Hadoop Lessons: July 2017

How to create a new Hive table using select query output

In this article we will learn how to create a new table in Hive using other query output.

We use create table as select statement to create a new table from select query output data.

Syntax is :

create table [table-name] as [select-query]

Practise below steps to unnderstand this feature better.

1) Create a hive table called employee using this article.

2) Run a select query to get deptno wise employee count on employee table.

select deptno,count(name) from employee group by deptno

If you want to persist above query output in a hive table , You have to use create table as select (CTAS) query.

3) Create a new table called deptnowiseempcount using above select query output.

create table deptnowiseempcount as
select deptno,count(name) from employee group by deptno;

Table deptnowiseempcount is a managed table.

CTAS has some restrictions like below.

New table can not be a external table.
New table can not be partitioned table.
New table table can not be a bucketed table.

4) The query below fails as the query is trying to create external table using CTAS statement.

create external table deptnowiseempcount as select deptno,count(name) from employee group by deptno;

Query fails throwing an error CREATE-TABLE-AS-SELECT cannot create external table.

Creating a new Hive table with same schema of anothe Hive table.

In this article we will learn how to create a table with same schema of another table.

We use like operator in Apache Hive to copy schema from another table.

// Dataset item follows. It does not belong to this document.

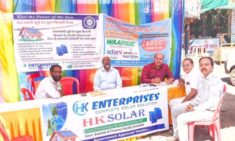सीतामऊ।प्रधानमंत्री सूर्य घर मुफ्त बिजली योजना अंतर्गत सोलर लाइट सोलर गीजर घरेलू सोलर लगवाने हेतु एचके एंटरप्राइजेज नीमच के तत्वाधान में ग्रीन एनर्जी प्राइवेट लिमिटेड कंपनी द्वारा सीतामऊ लदुना चौराहे पर 07 नवंबर शुक्रवार को कंपनी के डायरेक्टर दीपक चतुर्वेदी समन्वयक (काउंसलर) मुफद्दल इस्माइल टेक्निकल इंजीनियर राहुल राजपूत के द्वारा एक दिवसीय कैंप लगाया गया जिसमें बिजली के बिल कि 100 प्रतिशत बचत, सोलर पर अधिकतम सरकारी सब्सिडी, अतिरिक्त सोलर बिजली को ग्रीड में आदान प्रदान, 25 साल से अधिक वर्षों तक का लाभ, प्रदूषण रहित, न्यूनतम ब्याज दर पर ऋण आदि सुविधाएं दी जा रही है।

Syntax is : create table [new-table-name] like [old-table-name];

Practise below steps to understand better.

1) Create a new table called employee in Hive using this article.

2) Check the schema of Hive tables employee using describe command.

describe employee;

3) Create a new table called employee_india with same column names and data types of employee table.

create table employee_india like employee;

4) Now check column names and their data types of table employee_india.

describe employee_india;

We can copy schema not only from existing table, but also from existing existing view. Systax is also same , we just have to replace old-tablename with view name.

How to change the value of a property in Apache Hive?

This article discuses various ways to change the property value of Apache Hive.

1) Changing the property value from Hive prompt or beeline prompt using set command.

This property value only applies for the session. If we quit the prompt, We will lose the property value.

The code below changes execution engine to mr.

set hive.execution.engine=mr;

2) Change the property value Using hiveconf option.

This property value only applies for the query we are running.

The code below changes execution engine to mr using hiveconf option.

hive -hiveconf hive.execution.engine=mr -e "select count(*) from employee"

3) Modifying configuration files to change property values for entire cluster.

Hive has configuration files hive-site.xml,hive-env.sh,hive-server2.xml and hivemetastore-site.xml. We can modify them if want to change property value permanently.

If you are usin CDH, you can change the property value using Cloudera Manager.

If you are using HDP , You can change the property value using Apache Ambari.

We will learn how to change the property using Apache Ambari.

Click on Hive ---> Click on Config --> enter the property name in the filter box.

The picture below shows we are searching for property hive.execution.engine in Amabri.

Change the property value ----> Click on Save ---> Restart Hive service.

The picture below shows how to change execution engine in Ambari.

The picture below show save button and restart button in Apache Ambari for Hive service.

Once you restart the cluster , Changes will become permanent and in this case all subsequent queries will have MR as their execution engine.

Loading compressed data into Hive table.

In this article, We will learn how to load compressed data (gzip and bzip2 formats) into Hive table.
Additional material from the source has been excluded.